$$\rightleftharpoonup{xx}$$
$$\longleftharp{xx}$$,
$$\longrightharp{xx}$$,
Tutaj prezentowany jest protokół wykrywania aktywności TOP1 za pomocą testu REEAD16. Protokół został wykorzystany do wykrycia rekombinowanej aktywności TOP1 przy użyciu czterech różnych metod odczytu: skanera fluorescencyjnego, mikroskopu fluorescencyjnego, chemiluminescencji i kolorymetrii. Protokół został również wykorzystany do wykrycia aktywności TOP1 wyekstrahowanego z komórek Caco2, jako przykład ekstraktu surowego, z odczytem chemiluminescencji lub TMB. Co więcej, protokół został wykorzystany jako narzędzie przesiewowe leków, do wykrywania hamowania aktywności rekombinowanego TOP1 przez CPT, jako przykład inhibitora specyficznego dla TOP1, przy użyciu metody odczytu chemiluminescencji.

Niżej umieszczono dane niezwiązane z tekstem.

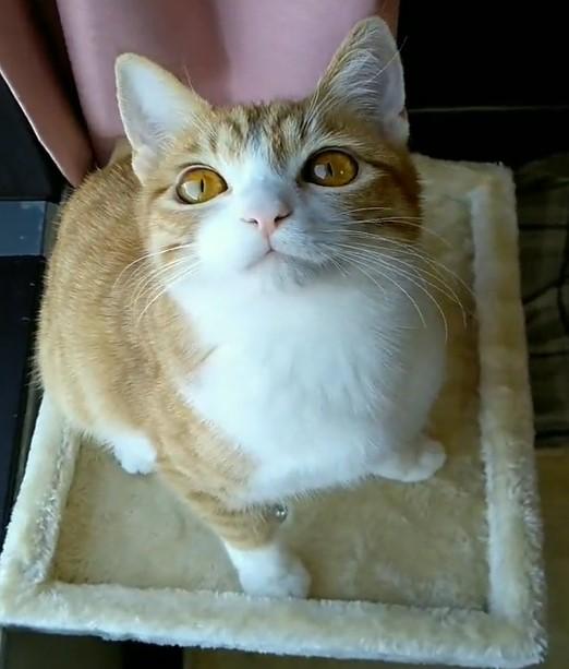動画に写っているのは、茶白猫の女の子「プリン」ちゃんです。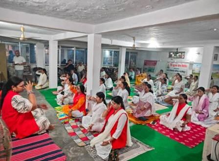 गाजीपुर। विश्व योग दिवस के अवसर पर भारत विकास परिषद एवं महिला पतंजलि योग समिति के सदस्यों द्वारा संयुक्त रूप से अनीता निकेतन तुलसी सागर पर योग शिविर का आयोजन किया गया। योग आरंभ करने से पूर्व भारत माता एवं स्वामी विवेकानंद जी के चित्र पर माल्यार्पण कर दीप प्रज्वलित किया गया। शरीर की संरचना में मिट्टी, हवा, पानी, आकाश और आग इन पांच तत्वों का समावेश है, इस पंच रचित शरीर को गतिमान रखने के लिए योग भी आवश्यक है। शिविर में परिषद की अध्यक्ष अनीता यादव ने योग के प्रति जागरुक करते हुए सबको योग के गुर सिखाएं। इस अवसर पर सचिव सुमन लता राय ,महिला संयोजिका अनीता तिवारी एवं कोषाध्यक्ष सिंधु सीता पांडे पूर्व अध्यक्ष शिवकुमार, वरिष्ठ सदस्य प्रमोद राय, जिला समन्वयक जितेंद्र यादव ,निरुपमा उपाध्याय, माया रानी, आरती यादव, शशि सक्सेना, शकुंतला यादव ,रंजनदीप, सुमादा यादव रीना पांडे, नीलम श्रीवास्तव ,अलका वर्मा मोहिनी श्रीवास्तव, आराधना पांडे, रीना देवी, रंजू यादव हीरामणि ,बबीता गुप्ता, शशि कला, रेनू सिंह सुनीता राय, वृंदा सिंह ,सुमन लता राय, अनीता तिवारी, अंजना राय, कल्पनाथ भारद्वाज, आरती सिंह ,चंद्रावती देवी, चिंता यादव, अरविंद कुमार राय ,पंकज कुमार तिवारी, पुष्पेंद्र पांडे, वीरेंद्र यादव, सुख विलास, जितेंद्र यादव , एच एन एस यादव श्री शिव कुमार, अनुपम आनंद, अनीता यादव आदि ने भाग लिया।
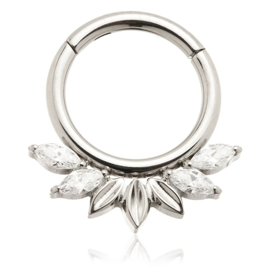 Ti Couture Marquise Fan Forward Facing Hinged Ring Gauge: 1.2mm Size: 8mm / 10mm Medical Grade Titanium 6Al-4VEli ASTM:F-136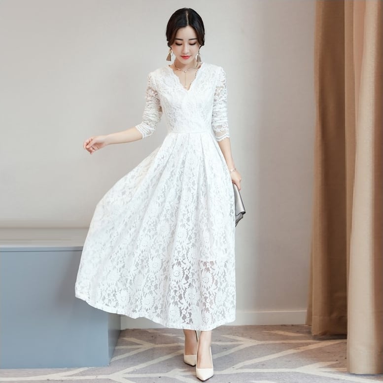 総レースなのでとっても華やかでドレッシーなロングワンピース。カシュクールのネックラインにハイウエストで脚長効果を発揮するスタイルUPアイテム。タックがしっかり施されスカートのラインが表情豊かで上品な印象を作ります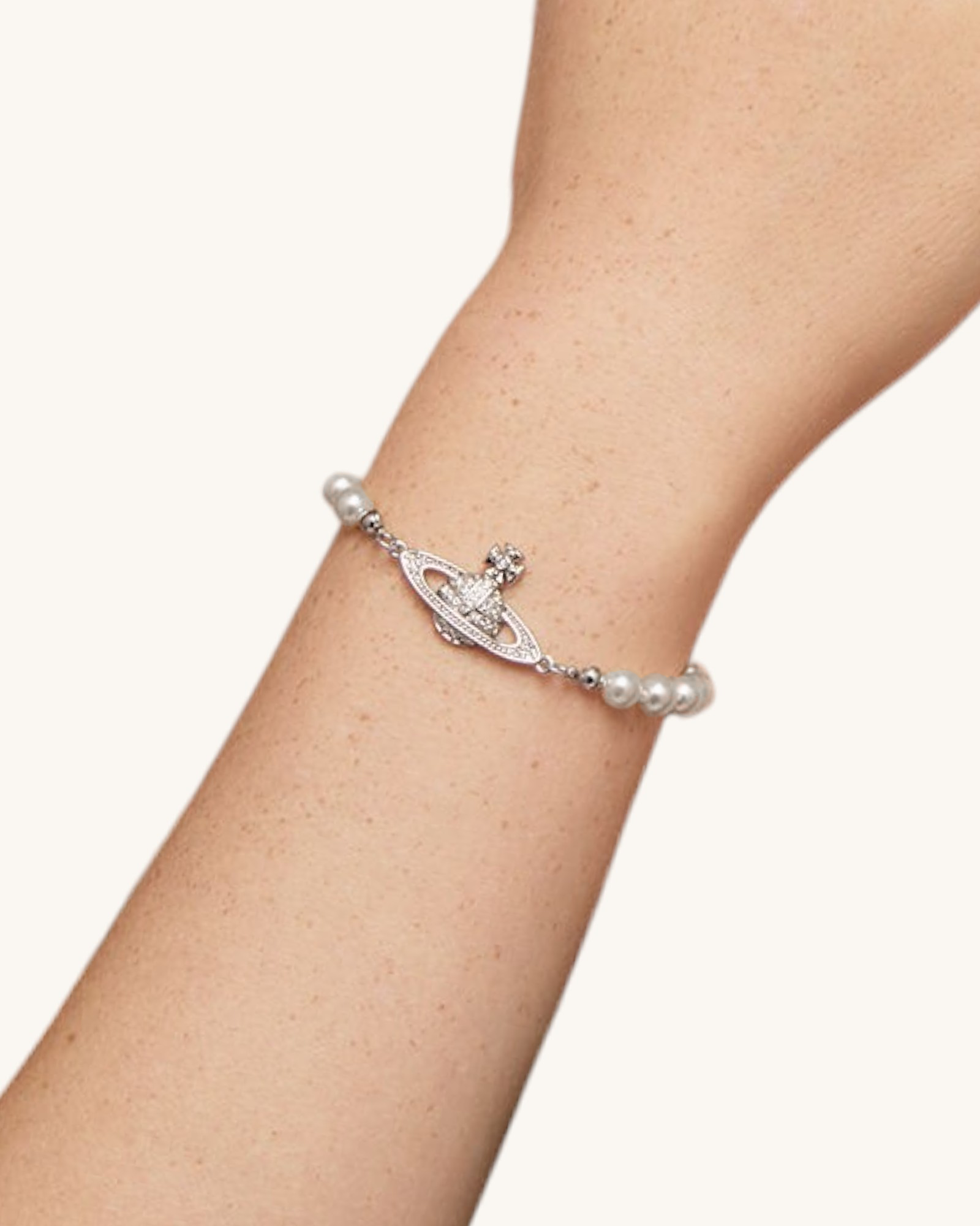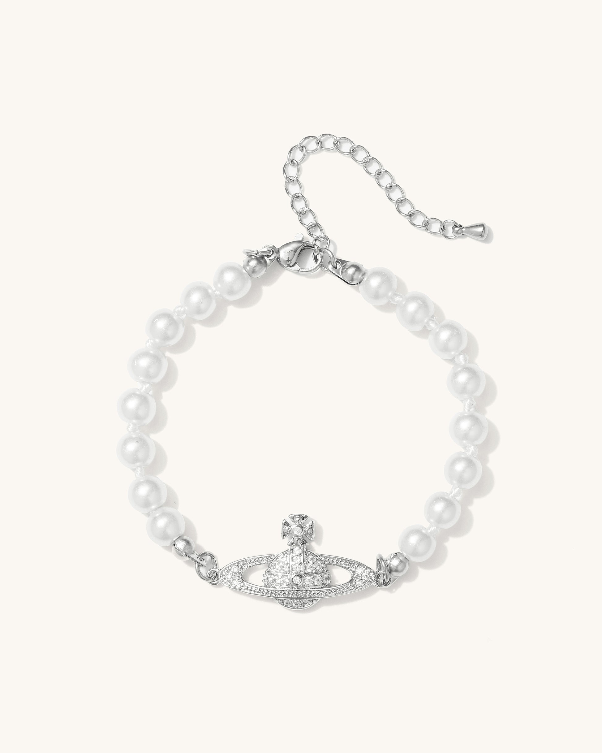 Make a cosmic statement with the ORBIT Pearl Bracelet. Featuring imitation pearls and a sparkling planet charm linked by a pavé safety pin, this playful yet elegant design brings a touch of the universe to your everyday style.

Wyniki uzyskane podczas analizy aktywności TOP1 za pomocą odczytu fluorescencji są przedstawione w Rysunek 2 i Rysunek 3. Reprezentatywny skan szkiełka fluorescencyjnego i wynikowe oznaczanie ilościowe przedstawiono na rysunku Rysunek 2. Jak wynika z oceny ilościowej, granica wykrywalności tego odczytu wynosi 12,5 ng TOP1. Reprezentatywne obrazy i wynikowa kwantyfikacja uzyskana przy użyciu odczytu z mikroskopu fluorescencyjnego są pokazane na rysunku Rysunek 3. Przy użyciu tej metody odczytu granica wykrywalności wynosi zaledwie 0,1 ng TOP1. Wyniki uzyskane podczas analizy aktywności TOP1 za pomocą odczytu chemiluminescencji są przedstawione w Rysunek 4, a wyniki z odczytu kolorymetrycznego są przedstawione w Rysunek 5. Granica wykrywalności tych metod odczytu wynosi 6 ng TOP1 lub jako TOP1 wyekstrahowany z 312 komórek Caco2. Rysunek 6 pokazuje pomiary aktywności TOP1 w obecności 80 μM CPT lub DMSO jako przykład zastosowania badań przesiewowych leków. Reprezentatywny obraz i wynikająca z niego kwantyfikacja trzech niezależnych eksperymentów pokazują, że CPT hamuje cyrkularyzację substratu za pośrednictwem TOP1 zgodnie z oczekiwaniami24,25.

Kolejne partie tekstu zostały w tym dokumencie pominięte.